D.Ore.: No REP in a govt computer and email where there were banner warnings at every sign in

Defendant’s government work emails were searched without a warrant, and it’s clear, based on warnings on the computer at every sign in and regular training, that he was well aware everything on the computer has no reasonable expectation of privacy. He may have had a subjective expectation, but there wasn’t any objective reasonable expectation of privacy. United States v. Caputo, 2019 U.S. Dist. LEXIS 192511 (D. Ore. Nov. 6, 2019):

In this case, any expectation of privacy in Defendant’s work email was objectively unreasonable under the military’s computer-use policies in effect at his workplace. AR 25-2 specified that Defendant had “no expectation of privacy while using [information systems] or accessing Army resources.” ECF 48-2. Additionally, both AR 25-2 and the Oregon National Guard’s acceptable use policy stated that communications using Defendant’s work computer were routinely monitored for law enforcement purposes. Id.; ECF 48-1 at 4. Unlike Heckenkamp, in which the network policy affirmed a “basic principle” of privacy, see 482 F.3d at 1147, the terms in effect here made it abundantly clear that Defendant’s communications over his work computer system were not private.

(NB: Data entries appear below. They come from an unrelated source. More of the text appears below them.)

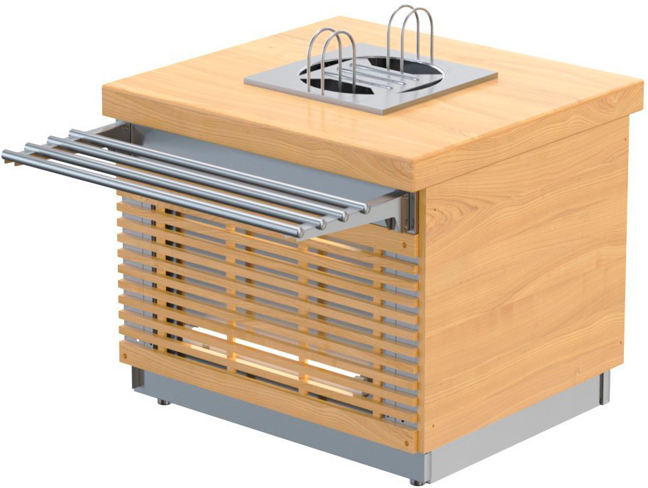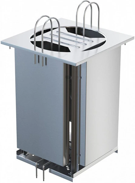 В верхней части модуля расположены ограничители из нержавеющего прутка, надежно фиксирующие стопку тарелок одного диаметра.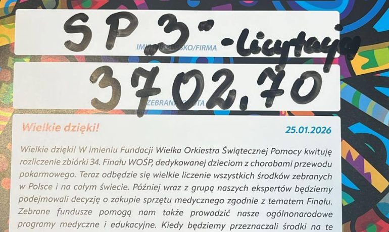 Wielkie brawa dla naszych wspaniałych uczniów! Podczas szkolnej licytacji WOŚP, prowadzonej przez Samorząd Uczniowski, zebraliśmy aż 3702,70 zł. Dziękujemy wszystkim za zaangażowanie i ogromne serca...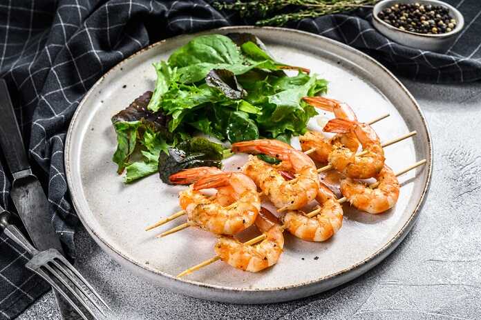 Večeře: Grilované krevety s bylinkami a listovým salátem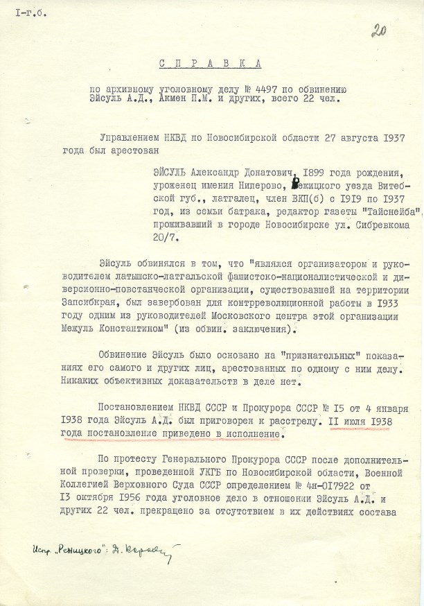 По протесту Генерального прокурора СССР после дополнительной проверки, проведенной УКГБ по Новосибирской области, Военной Коллегией Верховного Суда СССР определением № 4н-017922 от 13 октября 1956 года уголовное дело в отношении Эйсуль А.Д. и других 22 чел. прекращено за отсутствием в их действиях состава преступления".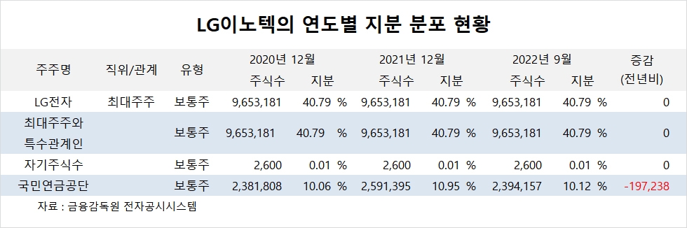 이미지 확대보기LG이노텍의 최대주주는 LG전자로 지분 40.79%를 보유하고 있습니다.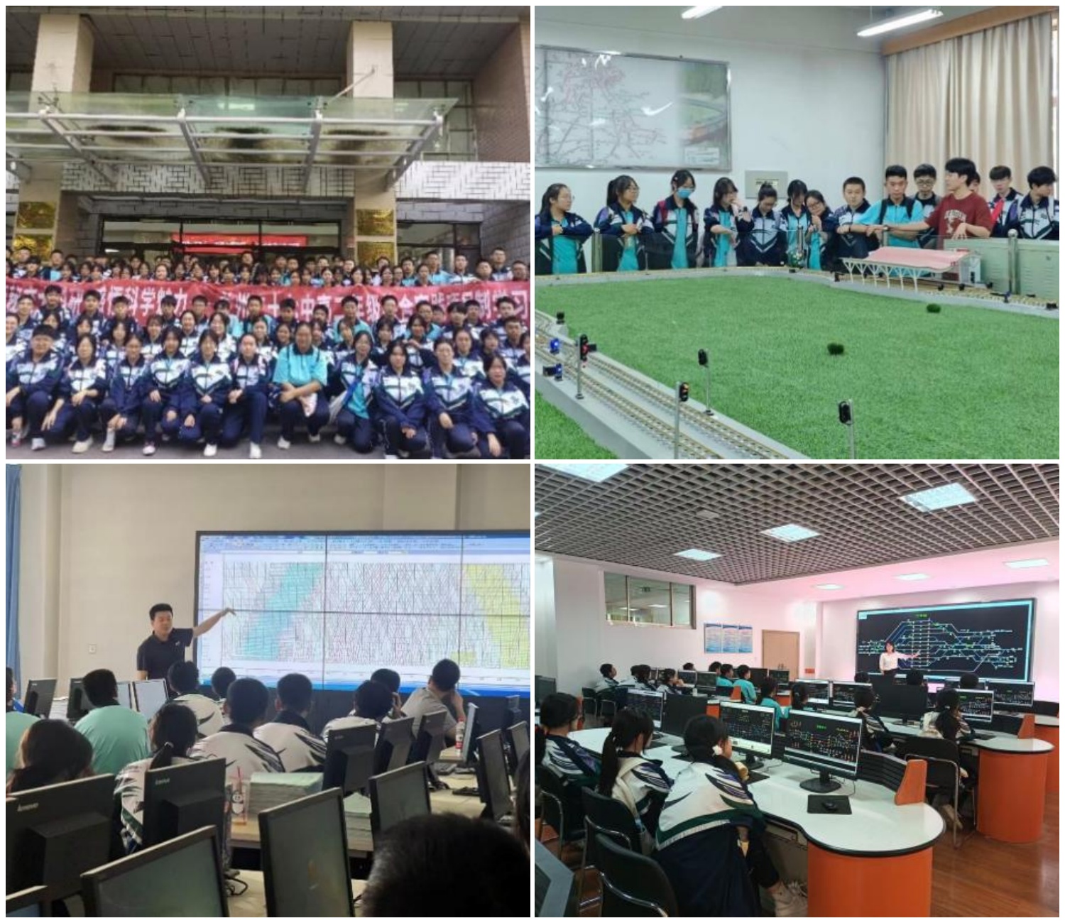 师生们首先来到以交通运输学院轨道交通综合实验室为依托的铁路运输科技馆,依次探访轨道交通接发列车作业模拟、轨道交通列车运行与控制、轨道交通运营管理与决策支持三个实验室。科普活动通过“理论 + 实操”的方式,让复杂的铁路科技变得可感可及。师生们在接发列车作业模拟实验室,沉浸式体验列车到站的接发作业流程,在亲手操作中领悟安全准则;在轨道交通列车运行与控制实验室触摸“铁路智慧大脑”,看信号、联锁闭塞系统如何精准控制列车运行;在运营管理与决策支持实验室,聚焦屏幕上的列车运行图,听讲解员解析其如何依据客流、线路等因素科学规划发车计划,成为运营效率的“隐形指挥家”。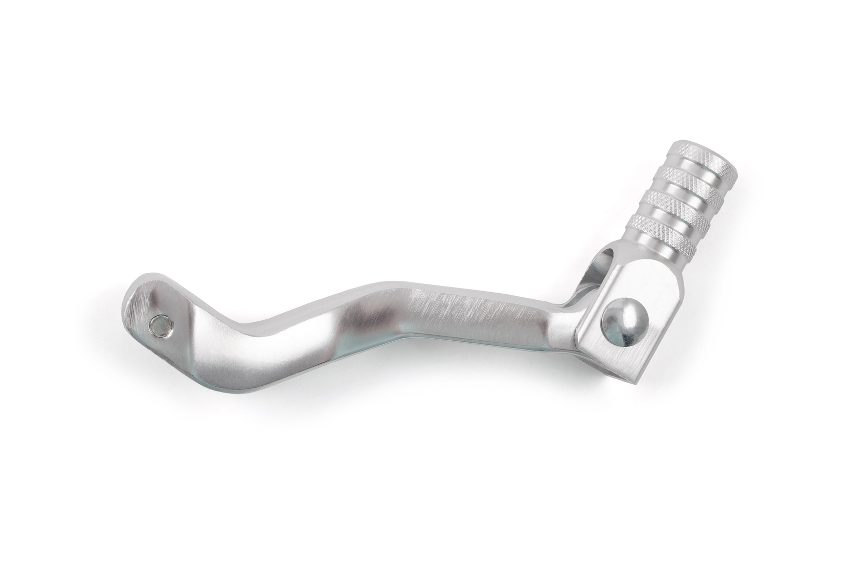 • Алюминиевый складной рычаг переключения передач серебристого цвета для эндуро мотоциклов с двигателями 165-172 FMM и 174 CBS-NB. Изготовлен из литого алюминия со складным кончиком, который предотвращает поломку рычага при падении или боковом ударе. Универсальная конструкция с вылетом, не гнет вал при падениях. Установка без втулки. Совместим с двигателями 165FMM, ZS170MM-2, ZS172-3A, ZS172-5A, ZS174MN-3.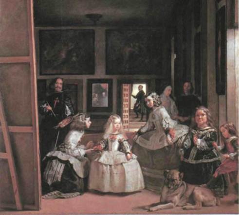 284. Франсиско де Сурбаран. Св. Серапион. 1628 г. Холст, масло. 120,7 х 104,1 см. Уодсворт Атенеум, Хартфорд (Коннектикут). Собр. Эллы Гэллап Сэмнер и Мэри Кетлин Сэмне конце 1б20-х годов, став придворным художником, Веласкес поселился в Мадриде, где в основном писал портреты членов королевской семьи. Во время одного из посещений испанского двора фла мандский художник Питер Пауль Рубенс помог ему постичь красоту Тициана, большое собрание работ которого имелось в королевской коллекции, и бла годаря искусству итальянского мастера Веласкесу удалось добиться небывалой плавности и насы щенности живописи. В картине «Менины» (илл. 285) во всем блеске проявился зрелый стиль художника. Это одновре менно и групповой портрет, и жанровая сцена. Картину можно было бы назвать и «Художник в своей мастерской», так как Веласкес изобразил себя самого за работой над огромным полотном. В центре — только что позировавшая ему маленькая принцесса Маргарита, среди подружек по играм и служанок. Лица ее родителей, короля и королевы, видны в зеркале на задней стене. То ли они только что вошли в комнату и перед ними предстала точно та же сцена, что и перед нами, то ли в зеркале видно отражение части холста (предположительно, портрета королевской семьи в полный рост), над которым работает художник. Эта двойственность говорит об увлечении Веласкеса световыми эффектами. Художник как бы предлагает нам самим отыскать на картине нюансы прямого и отраженного света. Предполагается, что мы сумеем соотнести зеркальный образ с карти БАРОККО В ИТАЛИИ И ИСПАНИИ • 301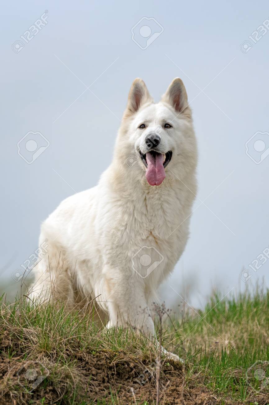 Un pastor suizo blanco disfrutando del Foto de stock ...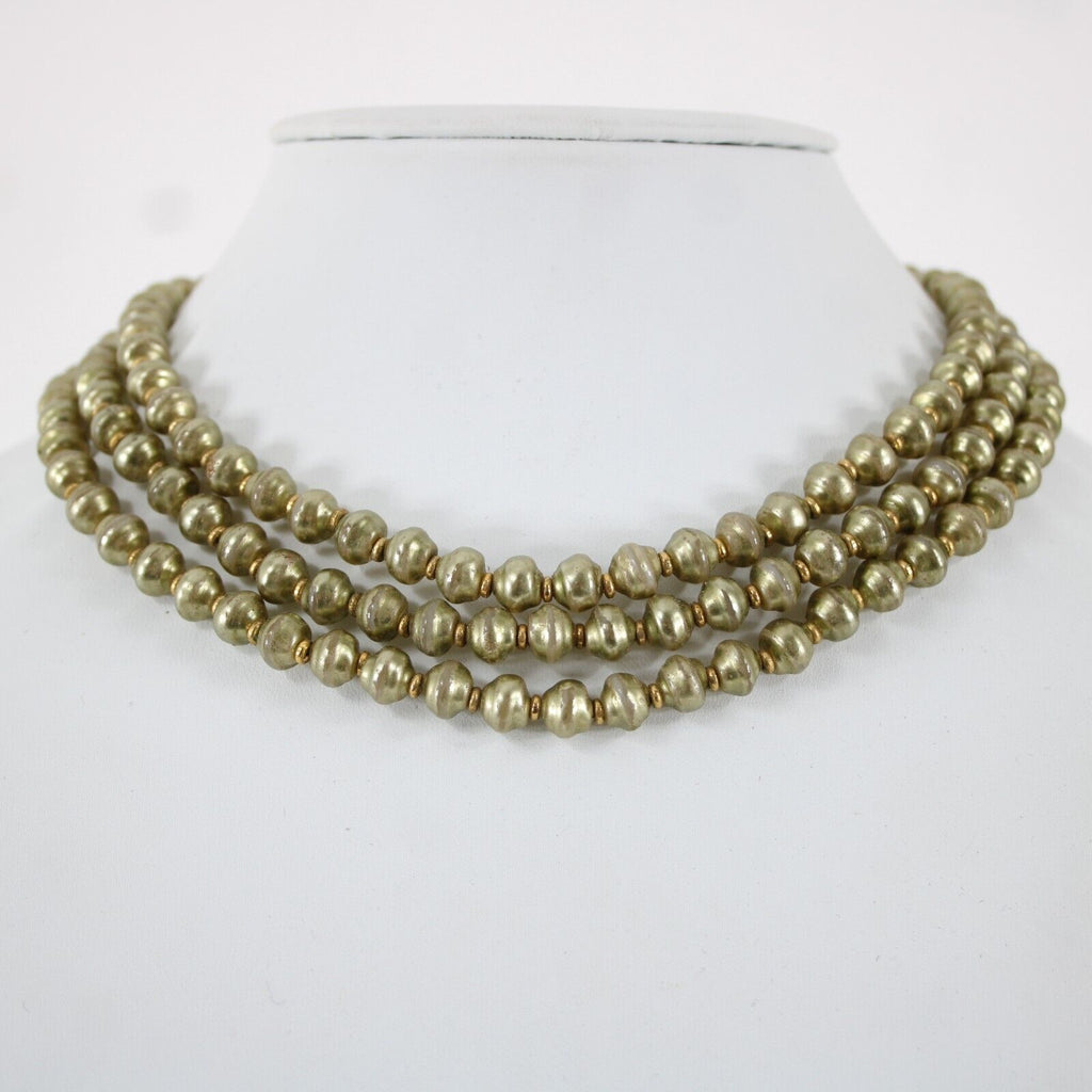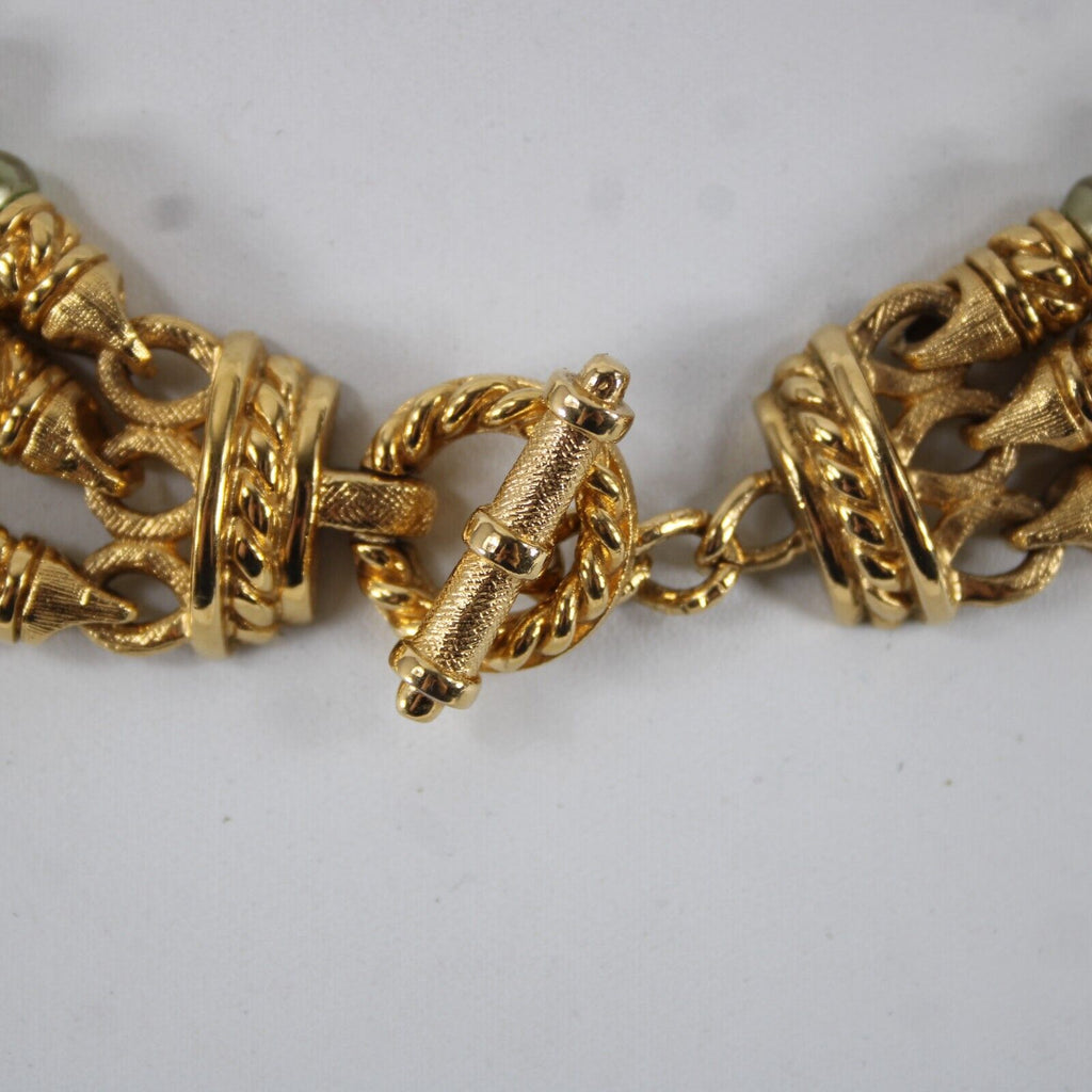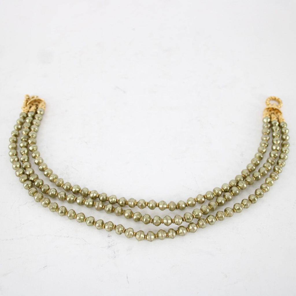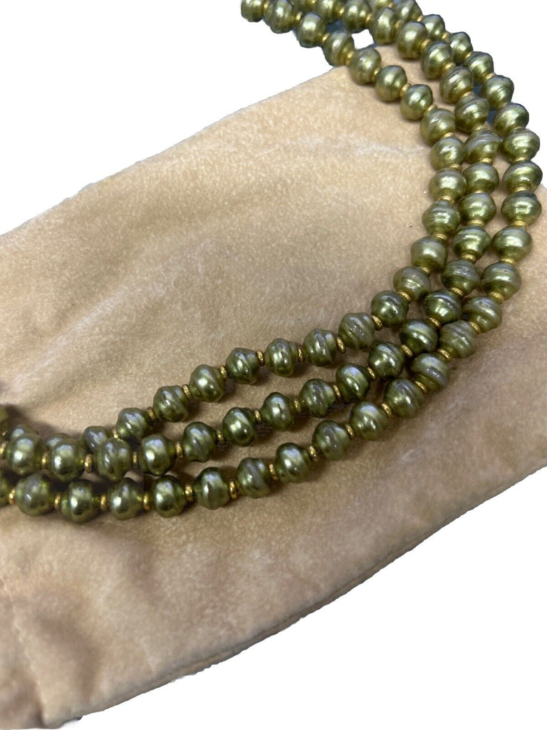 St John Moss Green Goldtone Faux Pearls 3 Strands 16" AS IS Necklace

Furthermore, Defendant received routine reminders that these policies were in place. He was required to sign the Oregon National Guard’s policy before receiving computer access at work and recertified his understanding of its conditions each year. ECF 48 at 4-5. He also participated in the Defense Department’s annual training, the “Cyber Awareness Challenge,” which “advised users that there was no expectation of privacy in the use of [the Department’s] systems.” Id. at 5. Most importantly, he received notice of the policies via the warning banner displayed each time he accessed his work computer. Id. at 3. The Ninth Circuit has held that no reasonable expectation of privacy exists where this kind of warning banner provides “ample reason to be aware that [a defendant’s] stored files and internet usage were subject to monitoring by his employer and disclosure to law enforcement personnel, and that by using the computer he was deemed to have consented to such monitoring and disclosure.” Greiner, 235 F. App’x at 542. Thus, any expectation of privacy in Defendant’s work email was objectively unreasonable here.